» **Supplied records**
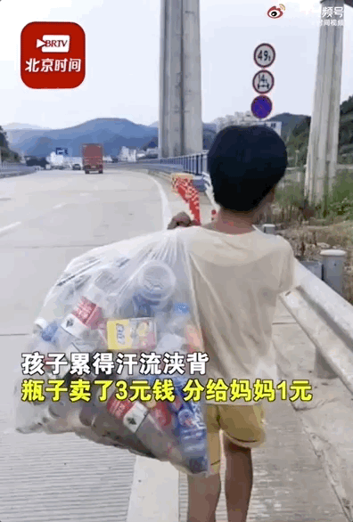 孩子累得汗流浃背,瓶子卖了3元钱。
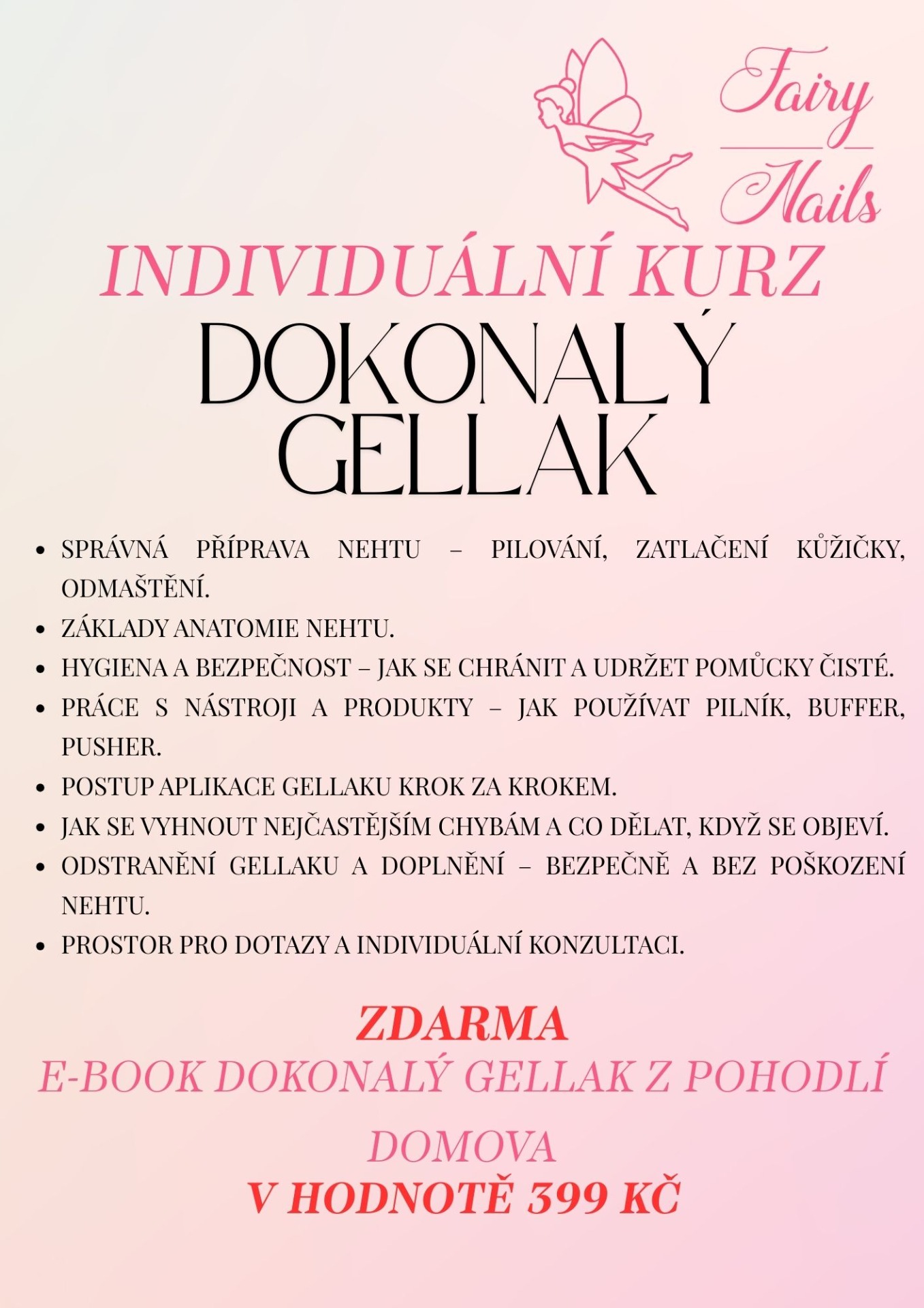 Chceš si dělat gellak doma tak, aby vypadal dobře a vydržel, ale nechceš kupovat další produkty, které možná ani nevyužiješ? Tento kurz je přesně pro tebe. Během 6 hodin intenzivní praxe tě naučím celý postup aplikace gellaku krok za krokem – na mých profesionálních produktech, bez zbytečné teorie a zmatku. Kurz probíhá ve Vřesině u Ostravy, o víkendech, termín dle domluvy, v klidném prostředí a s individuálním přístupem.
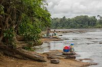 Vrouwen doen de afwas bij Danpaati in de rivier in Suriname
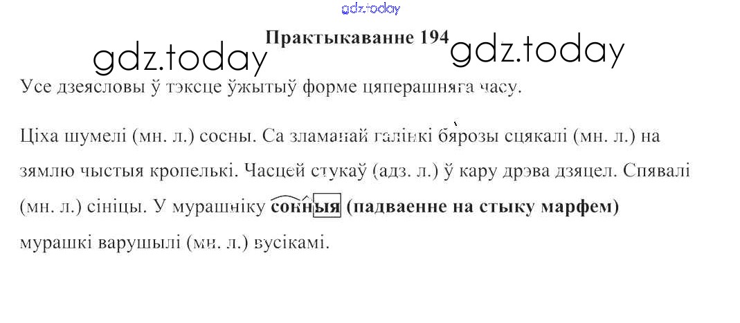 На страницах сайта gdz.today вы найдете учебный и вспомогательный материал, направленный на улучшения знаний школьной программы. ГДЗ - онлайн мир знаний Рашальнік да часткі 2. Практыкаванні 194 Учебнику по Белорусскому языку для 3 класса Свірыдзенка Национальный институт образования 2017
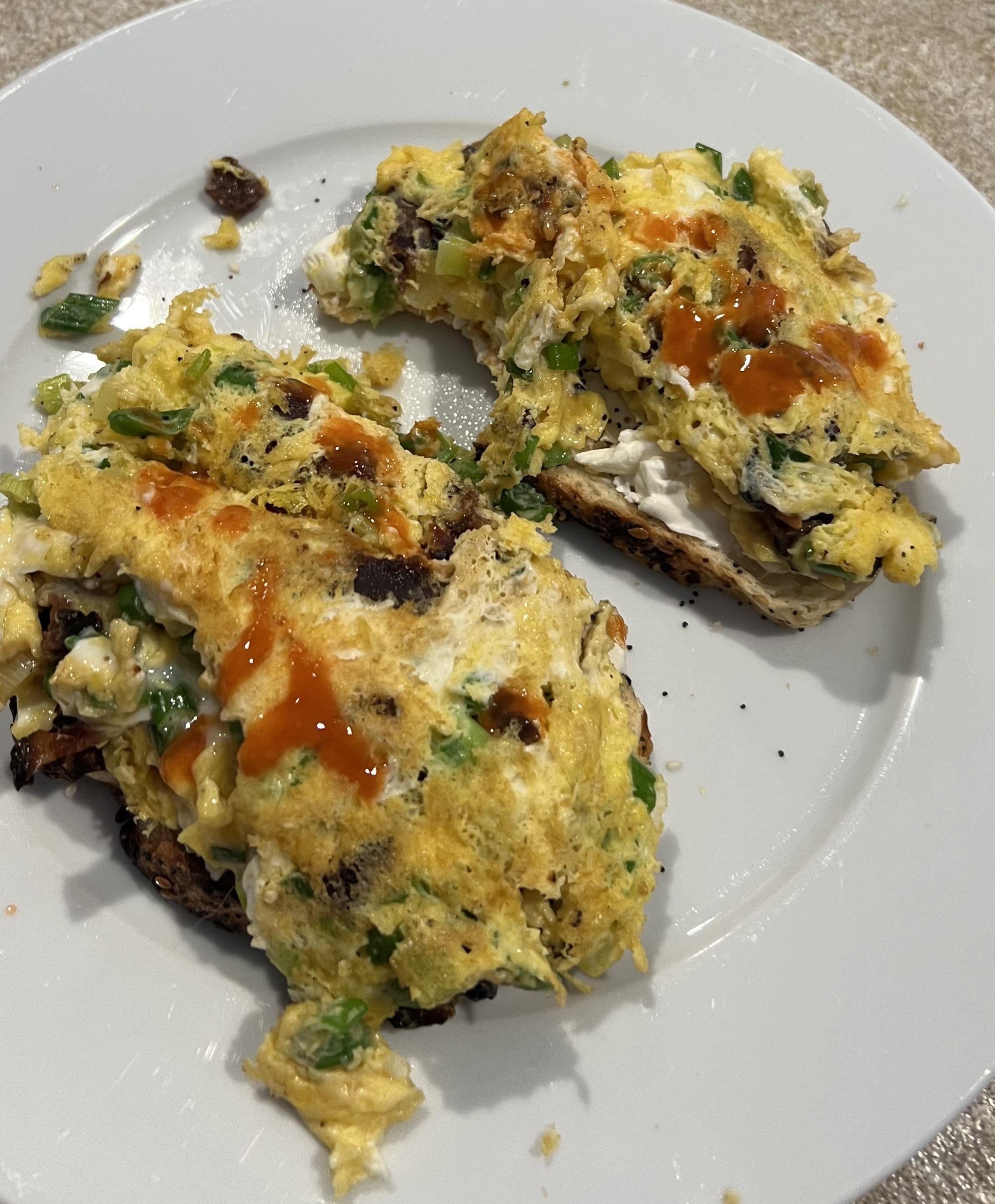 This is 6 green onions and bacon scrambled into eggs and cooked with wagyu tallow. Ate it open faced on some cream cheese sourdough. Divine.
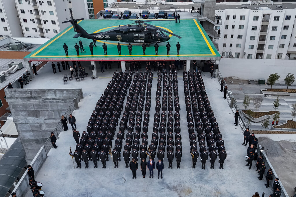 En el Cuartel General de la Nueva Fuerza Civil, que albergará a las instituciones de seguridad en el Estado, el Mandatario estatal, acompañado del Secretario General de Gobierno, Miguel Ángel Flores Serna; del titular de la nueva Fuerza Civil, Gerardo Escamilla, de  funcionarios federales, estatales, municipales, cámaras empresariales e integrantes de la Mesa de Seguridad, les dio la bienvenida a los graduandos a la mejor Policía de México.
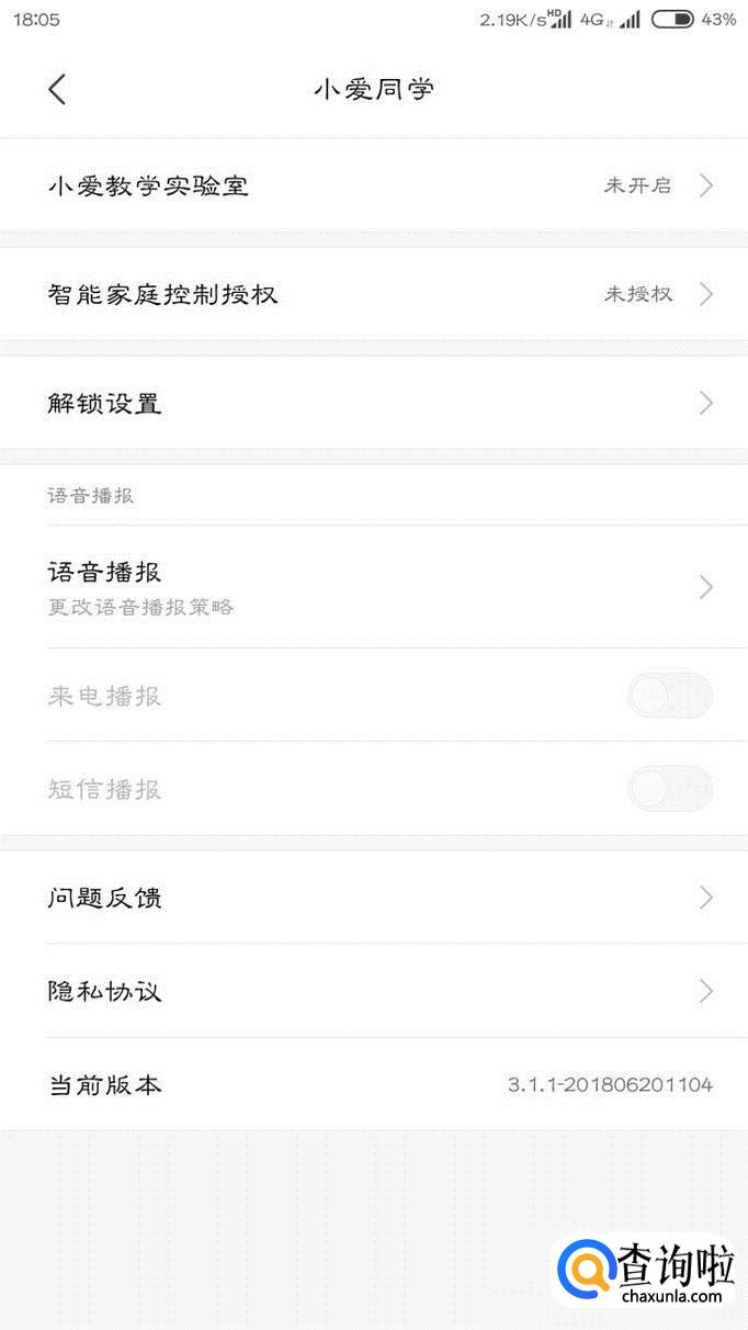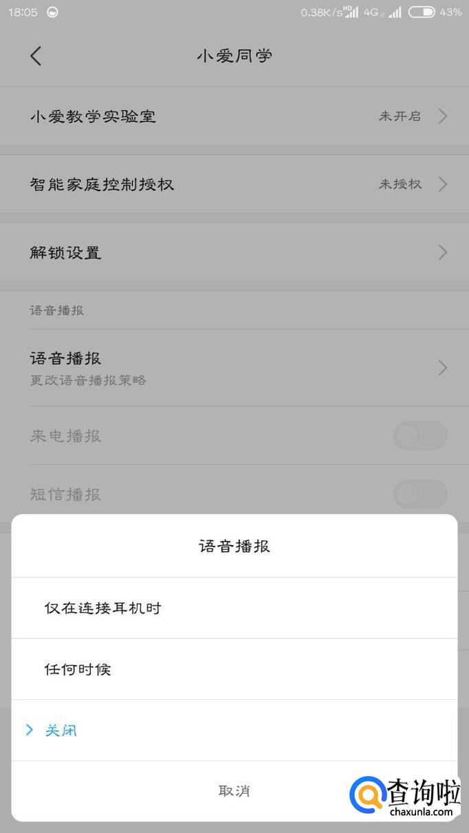 最后一项是语音播报,使用过小爱同学的小伙伴都知道,小爱同学在回答的时候是默认语音播报出答案的,这个设置可以选择播报的条件。
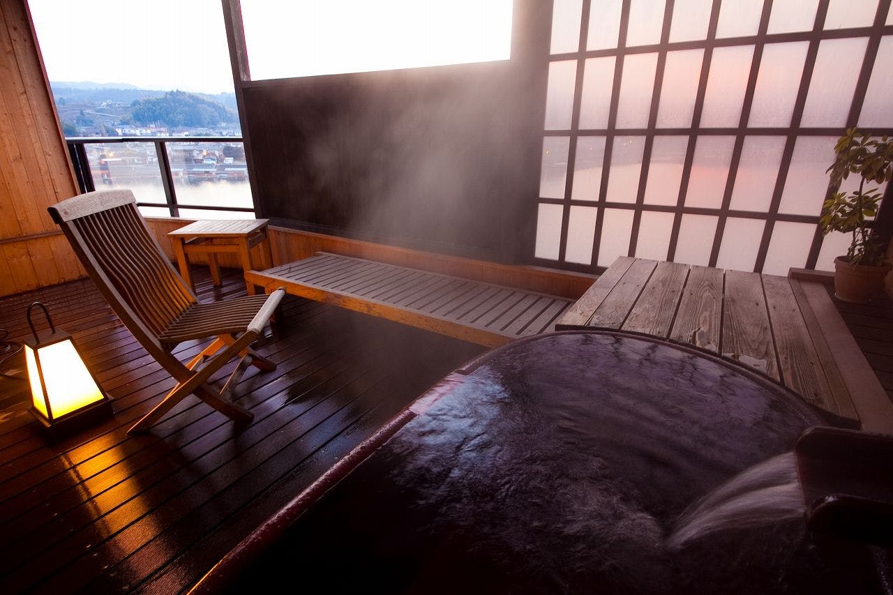 みくま川を臨む、眺めのいい露天風呂付の洋室です。※客室の露天風呂は温泉ではございません。
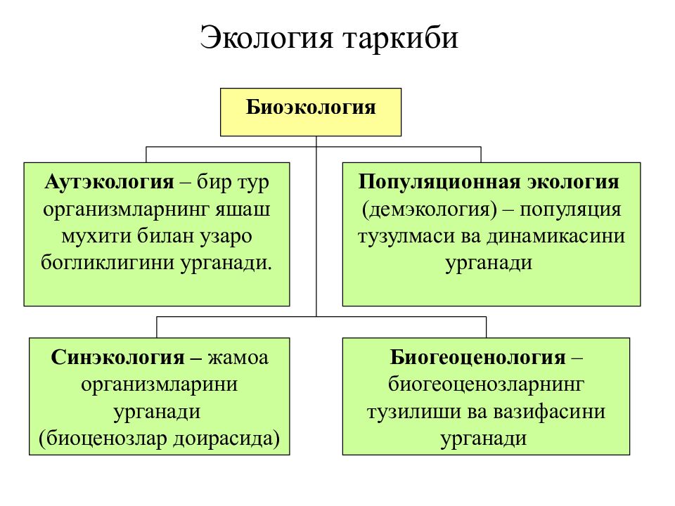 Биоэкология Аутэкология – бир тур организмларнинг яшаш мухити билан узаро богликлигини урганади. Популяционная экология (демэкология) – популяция тузулмаси ва динамикасини урганади Биогеоценология – биогеоценозларнинг тузилиши ва вазифасини урганади Синэкология – жамоа организмларин и урганади (биоценозлар доирасида)
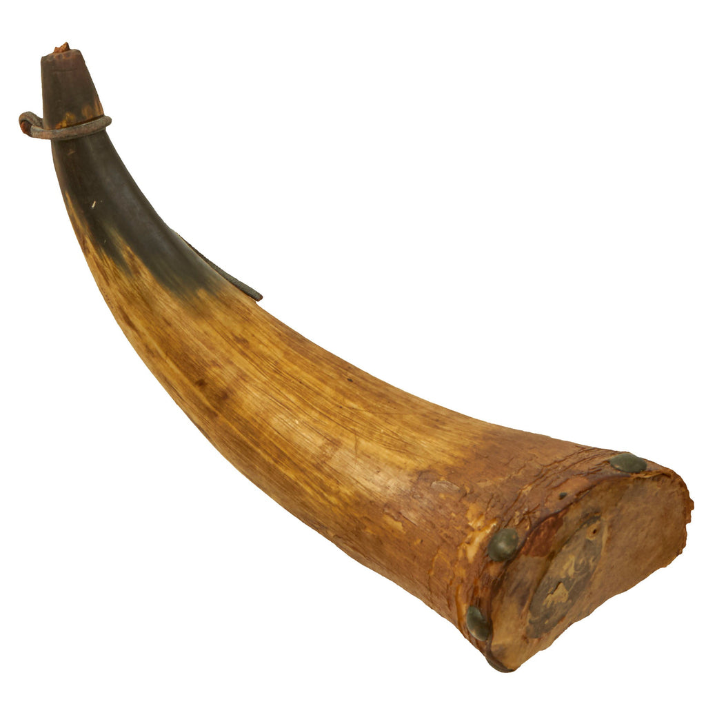 Original Item. Only One Available. This is a gorgeous example of an Early American powder horn with a retained wooden plug and riveted construction. Part of the original leather carrying strap is still attached to the throat. The bottom of the horn has 8 tacks holding the butt in, with lovely stars engraved around them. There is a strange 19th century tag reading 24 on the butt, and appears to have been sealed with something.The throat retains a long and thin plug, and there is actually a bit of powder still in the horn. Given how difficult it is to remove the plug, we believe it’s possible the powder could be period, but we have no way of knowing for sure. The horn measures 9¼” long.A very nice horn from Early America. Ready for further research and display.
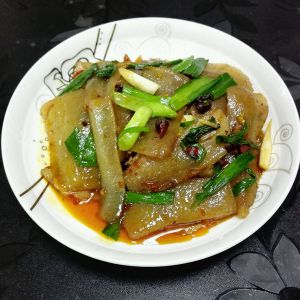 肉皮煮熟,捞起晾凉,斜刀片成片

» **Task to carry out**
Word for word, restate the lines above from the one with "Chceš si dělat" through the one with "Биоэкология Аутэкология –", keeping both ends and dropping the pictures.

» **Completed task**
 Chceš si dělat gellak doma tak, aby vypadal dobře a vydržel, ale nechceš kupovat další produkty, které možná ani nevyužiješ? Tento kurz je přesně pro tebe. Během 6 hodin intenzivní praxe tě naučím celý postup aplikace gellaku krok za krokem – na mých profesionálních produktech, bez zbytečné teorie a zmatku. Kurz probíhá ve Vřesině u Ostravy, o víkendech, termín dle domluvy, v klidném prostředí a s individuálním přístupem.
 Vrouwen doen de afwas bij Danpaati in de rivier in Suriname
 На страницах сайта gdz.today вы найдете учебный и вспомогательный материал, направленный на улучшения знаний школьной программы. ГДЗ - онлайн мир знаний Рашальнік да часткі 2. Практыкаванні 194 Учебнику по Белорусскому языку для 3 класса Свірыдзенка Национальный институт образования 2017
 This is 6 green onions and bacon scrambled into eggs and cooked with wagyu tallow. Ate it open faced on some cream cheese sourdough. Divine.
 En el Cuartel General de la Nueva Fuerza Civil, que albergará a las instituciones de seguridad en el Estado, el Mandatario estatal, acompañado del Secretario General de Gobierno, Miguel Ángel Flores Serna; del titular de la nueva Fuerza Civil, Gerardo Escamilla, de  funcionarios federales, estatales, municipales, cámaras empresariales e integrantes de la Mesa de Seguridad, les dio la bienvenida a los graduandos a la mejor Policía de México.
 最后一项是语音播报,使用过小爱同学的小伙伴都知道,小爱同学在回答的时候是默认语音播报出答案的,这个设置可以选择播报的条件。
 みくま川を臨む、眺めのいい露天風呂付の洋室です。※客室の露天風呂は温泉ではございません。
 Биоэкология Аутэкология – бир тур организмларнинг яшаш мухити билан узаро богликлигини урганади. Популяционная экология (демэкология) – популяция тузулмаси ва динамикасини урганади Биогеоценология – биогеоценозларнинг тузилиши ва вазифасини урганади Синэкология – жамоа организмларин и урганади (биоценозлар доирасида)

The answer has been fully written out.